* **WORK ITEM**:
Your copy should match the listing word for word, apart from the pictures, which are left out.

* **RECORDS FOR PROCESSING**:
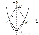 ∵頂點(diǎn)M關(guān)于x軸的對稱點(diǎn)是M′,四邊形AMBM′為正方形,
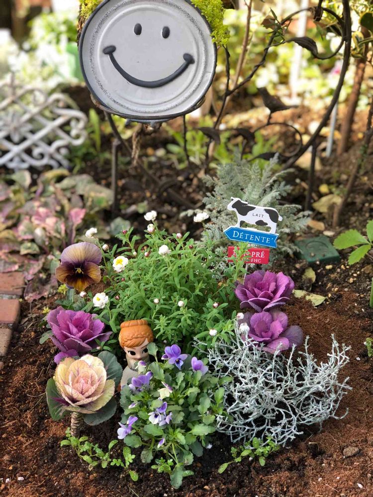 冬場の花壇はお花に苗帽子をかけて楽しんでいます。苗帽子もミニ温室のようで可愛いですよ💕
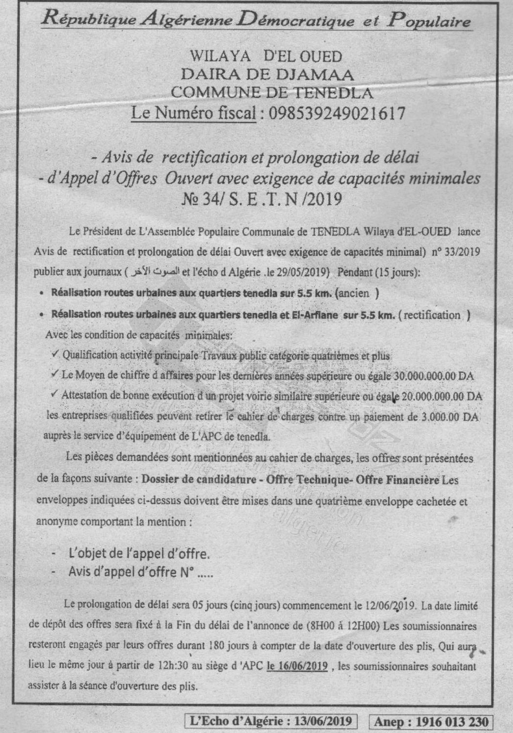 Objet : Réalisation routes urbaines aux quartiers Tenedla et El Agfian sur 5.5 Km
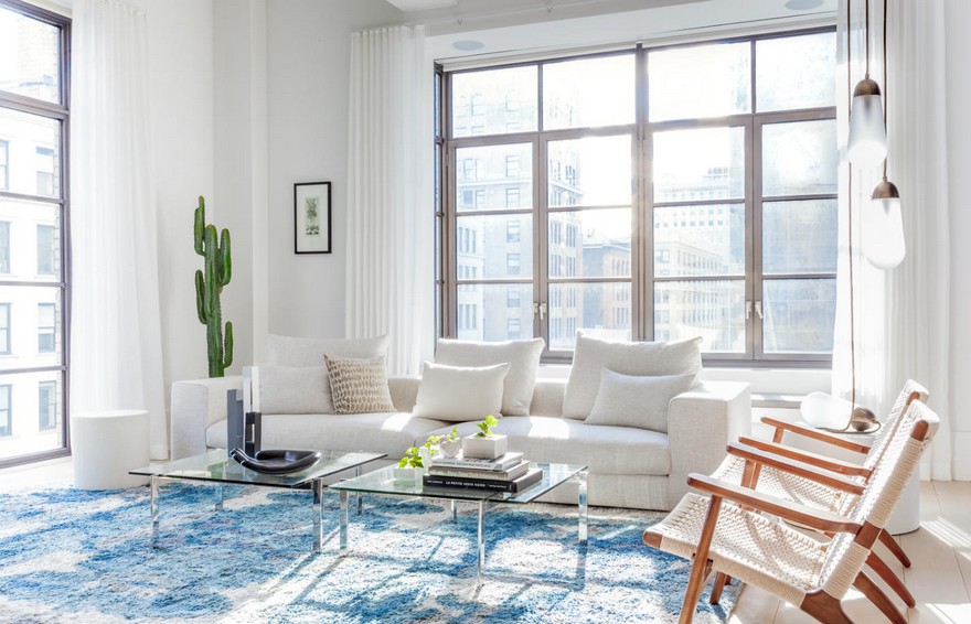 Τα μεγάλα και περίτεχνα χειροποίητα φωτιστικά προσθέτουν μια έντονη νότα, ενώ φέρνουν σε ισορροπία τα ψηλά ταβάνια του διαμερίσματος. Επίσης τα υπερμεγέθη έργα τέχνης και τα τολμηρά υφάσματα, όπως τα χαλιά προσθέτουν τις απαραίτητες χρωματικές πινελιές.
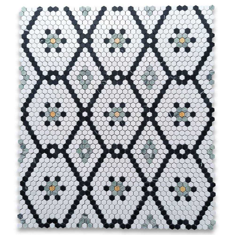 Marble Online Hexagon Snowflake Thassos White Marble Mosaic Tile Black Green Gold
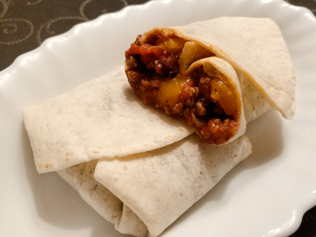 El chili con carne está muy bueno con unos nachos con su queso, su picadillo y sus cosas, pero también es un gran material para hacerse unos burritos improvisados como éstos:

* **RESULT OF THE EXERCISE**:
 ∵頂點(diǎn)M關(guān)于x軸的對稱點(diǎn)是M′,四邊形AMBM′為正方形,
 冬場の花壇はお花に苗帽子をかけて楽しんでいます。苗帽子もミニ温室のようで可愛いですよ💕
 Objet : Réalisation routes urbaines aux quartiers Tenedla et El Agfian sur 5.5 Km
 Τα μεγάλα και περίτεχνα χειροποίητα φωτιστικά προσθέτουν μια έντονη νότα, ενώ φέρνουν σε ισορροπία τα ψηλά ταβάνια του διαμερίσματος. Επίσης τα υπερμεγέθη έργα τέχνης και τα τολμηρά υφάσματα, όπως τα χαλιά προσθέτουν τις απαραίτητες χρωματικές πινελιές.
 Marble Online Hexagon Snowflake Thassos White Marble Mosaic Tile Black Green Gold
 El chili con carne está muy bueno con unos nachos con su queso, su picadillo y sus cosas, pero también es un gran material para hacerse unos burritos improvisados como éstos:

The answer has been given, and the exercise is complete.